The optimal amount of sleep is highly dependent on the individual, with some needing as few as six hours, and others as much as nine. A rare few — less than one percent of the population — thrive off of just four hours of sleep per night with no health consequences; scientists are still trying to understand why, with current research focusing on a mutation in a gene that modulates the production of orexin, a hormone that regulates sleep. (Whatever the cause, we’re envious.)

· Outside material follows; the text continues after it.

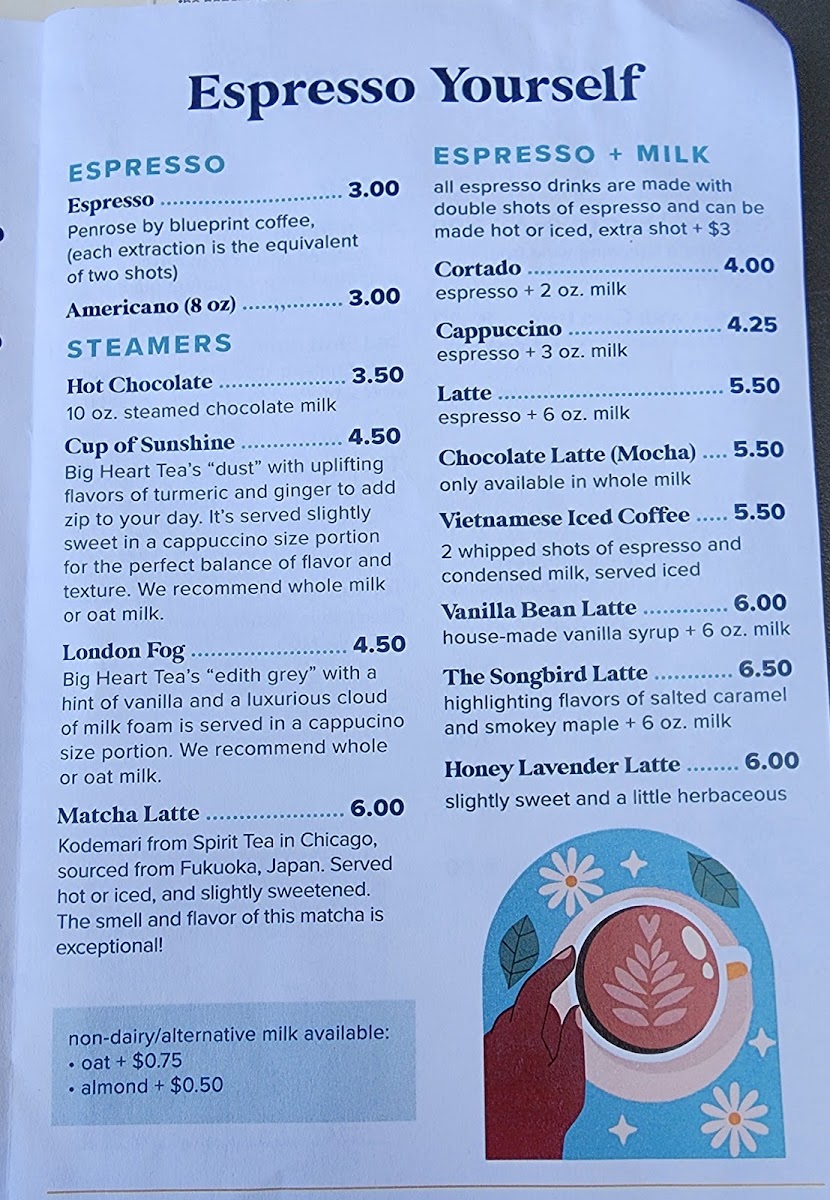 With patrons raving about the vibrant atmosphere, attentive staff, and exceptional food—combined with signature drinks like the creamy Songbird Latte—it’s no wonder guests leave with dreams of returning. Be sure to arrive early or make a reservation to experience all that Songbird has to offer!

In this latest work, the researchers analyzed biomedical data on 500,000 volunteers collected from another long-term study, the UK Biobank, with the goal of developing a biological aging clock for the body’s organs. They examined data including self-reported sleep durations, MRI images of organs, and blood plasma and metabolomics data.
“The hypothesis is that different organs, even within the same person, age at different rates,” lead author Junhao Wen, an assistant professor of radiology at Columbia University, told WaPo.
Their analysis found a U-shaped pattern between sleep and biological age gaps, with smaller deviations from the sweet spot associated with less aging, and larger deviations with more.
Both sides of the U were intriguing. Less than six hours of sleep was associated with increased risk of disease and all-cause mortality, which is lower than the typical seven hours of sleep that other studies have set as the minimum. And on the other side, these negative effects were also associated with more than eight hours of sleep.